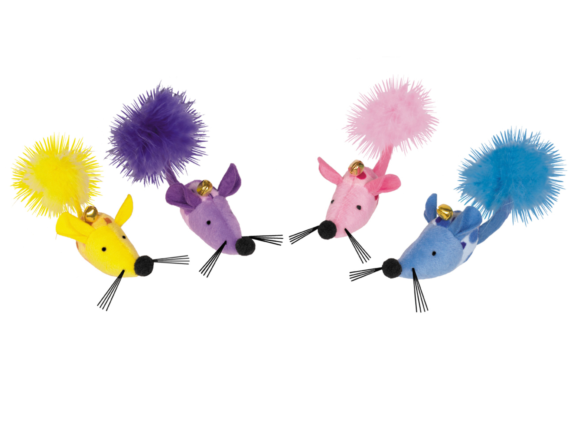 Pluche spitse muis met bel & catnip Ass. 10cm
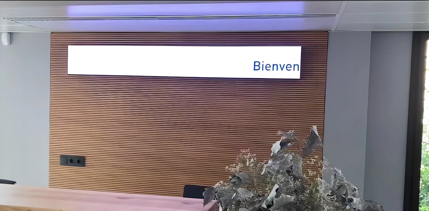 The project includes two different sizes of our indoor P1.9 FA3 series LED display. One is 2m x 0.25m, the other is 1.5m x 0.5m. Both two have excellent resolution. And our indoor LED display FA3 series has many advantages, including slim and lightweight of 5.5kgs/panel, fully front access, die-casting aluminum cabinet, etc.
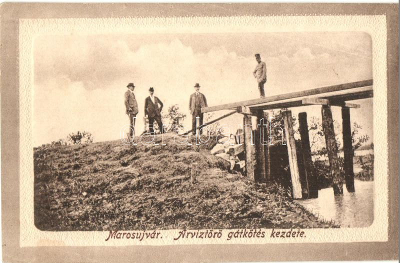 Marosújvár, Ocna Mures; Árvíztörő gátkötés kezdete / dam construction ...
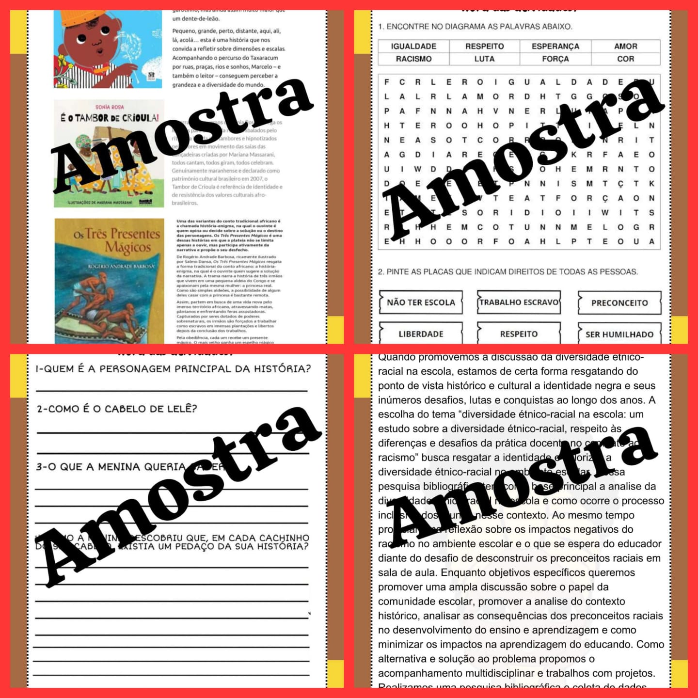 🌟 Material contém: ✅ Resumo ✅ Justificativa ✅ Objetivos ✅ Diagnósticos ✅ Planejamento de Atividades ✅ Avaliação ✅ Tudo sobre étnico-racial ✅ Cidadania/ relação étnicas racionais ✅ BNCC ✅ Sugestões de livros ✅ Livro " O cabelo de lelê" ✅ Atividades de interpretação ✅ Textos ✅ História " A gente é diferente" ✅ Páginas para anotações do professor ✅ São 78 páginas ao todo
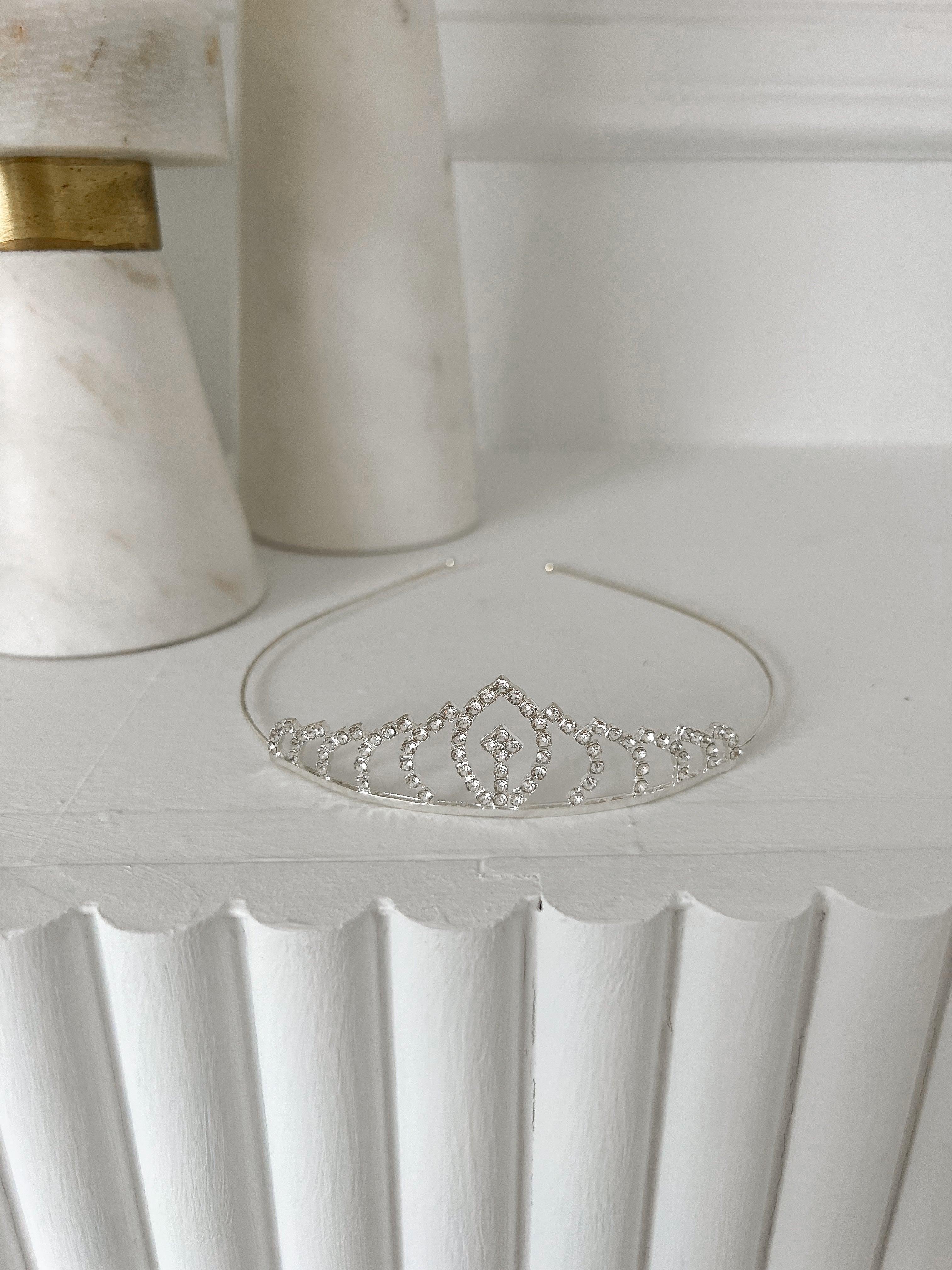 The Valentina Crystal Tiara Headband is a refined silver rhinestone accessory designed to add graceful sparkle to any special occasion look. Featuring a delicate tiara silhouette with brilliant crystal detailing, this headband delivers elegant shimmer while maintaining a lightweight, comfortable fit. Crafted with high-quality silver-toned rhinestones arranged in a classic crown-inspired pattern, this one-size headband sits securely and beautifully on little girls of all ages. Its slim, structured band ensures a polished finish without feeling bulky. Perfectly suited for first communion, christening ceremonies, flower girl dresses, pageants, birthdays, portraits, and formal celebrations, this crystal tiara headband pairs effortlessly with all of our girls’ special occasion gowns. Whether completing a communion look or adding sparkle to a party dress, this timeless rhinestone tiara creates a true princess moment. One size fits most girls.
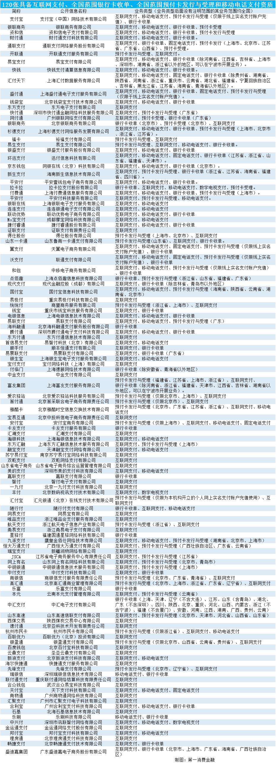 第一消费金融筛选出具备以下四种资质——互联网支付;全国(或者接近全国范围)范围银行卡收单;全国(或者接近全国范围)预付卡发行与受理;移动电话支付——的牌照共120张。
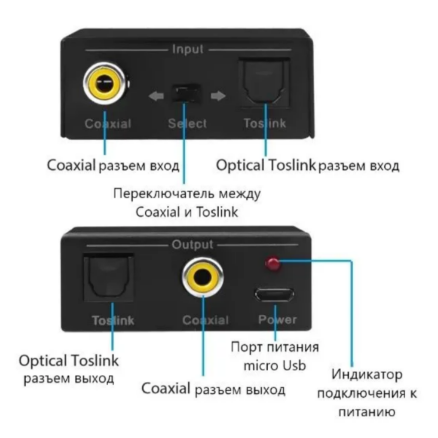 | Дополнительная информация | Конвертер двунаправленный, имеет функцию двойного выхода с Coaxial и Toslink |
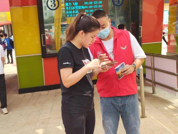 假期第一天,深圳某主题公园,游客数量众多,有几名游客在排队等候时乱扔果皮纸屑,志愿者发现后及时上前劝导,经过耐心沟通,游客捡起地上的垃圾扔进了附近的垃圾桶。在游客密集的地方志愿者向市民游客发放文明旅游宣传小册、海报等,普及文明旅游知识,制止餐饮浪费等宣传教育,让公共意识、规则意识、节约意识、文明意识深入人心,大力倡导文明旅游、绿色旅游、负责任旅游,引导广大市民游客主动抵制景区破坏行为。
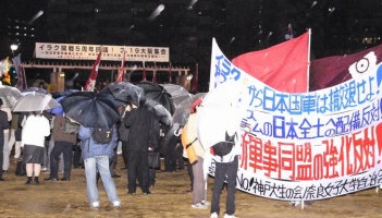 三月十九日、大阪市北区の扇町公園において「イラク開戦五周年抗議、在日米軍再編強化反対、米兵の少女暴行事件抗議、沖縄教科書検定撤回! 3・19大阪集会」(大阪平和人権センターと「しない・させない戦争協力関西ネットワーク」の共催)が開催された。神戸大学や奈良女子大学をはじめとする関西のたたかう学生は、結集した三五〇〇名の労働者・市民と連帯して、闘いを戦闘的に高揚させるために奮闘した。 |

Task requirements
Please write out all the entries above again exactly as they appear, skipping any images.

Reply
 Pluche spitse muis met bel & catnip Ass. 10cm
 The project includes two different sizes of our indoor P1.9 FA3 series LED display. One is 2m x 0.25m, the other is 1.5m x 0.5m. Both two have excellent resolution. And our indoor LED display FA3 series has many advantages, including slim and lightweight of 5.5kgs/panel, fully front access, die-casting aluminum cabinet, etc.
 Marosújvár, Ocna Mures; Árvíztörő gátkötés kezdete / dam construction ...
 🌟 Material contém: ✅ Resumo ✅ Justificativa ✅ Objetivos ✅ Diagnósticos ✅ Planejamento de Atividades ✅ Avaliação ✅ Tudo sobre étnico-racial ✅ Cidadania/ relação étnicas racionais ✅ BNCC ✅ Sugestões de livros ✅ Livro " O cabelo de lelê" ✅ Atividades de interpretação ✅ Textos ✅ História " A gente é diferente" ✅ Páginas para anotações do professor ✅ São 78 páginas ao todo
 The Valentina Crystal Tiara Headband is a refined silver rhinestone accessory designed to add graceful sparkle to any special occasion look. Featuring a delicate tiara silhouette with brilliant crystal detailing, this headband delivers elegant shimmer while maintaining a lightweight, comfortable fit. Crafted with high-quality silver-toned rhinestones arranged in a classic crown-inspired pattern, this one-size headband sits securely and beautifully on little girls of all ages. Its slim, structured band ensures a polished finish without feeling bulky. Perfectly suited for first communion, christening ceremonies, flower girl dresses, pageants, birthdays, portraits, and formal celebrations, this crystal tiara headband pairs effortlessly with all of our girls’ special occasion gowns. Whether completing a communion look or adding sparkle to a party dress, this timeless rhinestone tiara creates a true princess moment. One size fits most girls.
 第一消费金融筛选出具备以下四种资质——互联网支付;全国(或者接近全国范围)范围银行卡收单;全国(或者接近全国范围)预付卡发行与受理;移动电话支付——的牌照共120张。
 | Дополнительная информация | Конвертер двунаправленный, имеет функцию двойного выхода с Coaxial и Toslink |
 假期第一天,深圳某主题公园,游客数量众多,有几名游客在排队等候时乱扔果皮纸屑,志愿者发现后及时上前劝导,经过耐心沟通,游客捡起地上的垃圾扔进了附近的垃圾桶。在游客密集的地方志愿者向市民游客发放文明旅游宣传小册、海报等,普及文明旅游知识,制止餐饮浪费等宣传教育,让公共意识、规则意识、节约意识、文明意识深入人心,大力倡导文明旅游、绿色旅游、负责任旅游,引导广大市民游客主动抵制景区破坏行为。
 三月十九日、大阪市北区の扇町公園において「イラク開戦五周年抗議、在日米軍再編強化反対、米兵の少女暴行事件抗議、沖縄教科書検定撤回! 3・19大阪集会」(大阪平和人権センターと「しない・させない戦争協力関西ネットワーク」の共催)が開催された。神戸大学や奈良女子大学をはじめとする関西のたたかう学生は、結集した三五〇〇名の労働者・市民と連帯して、闘いを戦闘的に高揚させるために奮闘した。 |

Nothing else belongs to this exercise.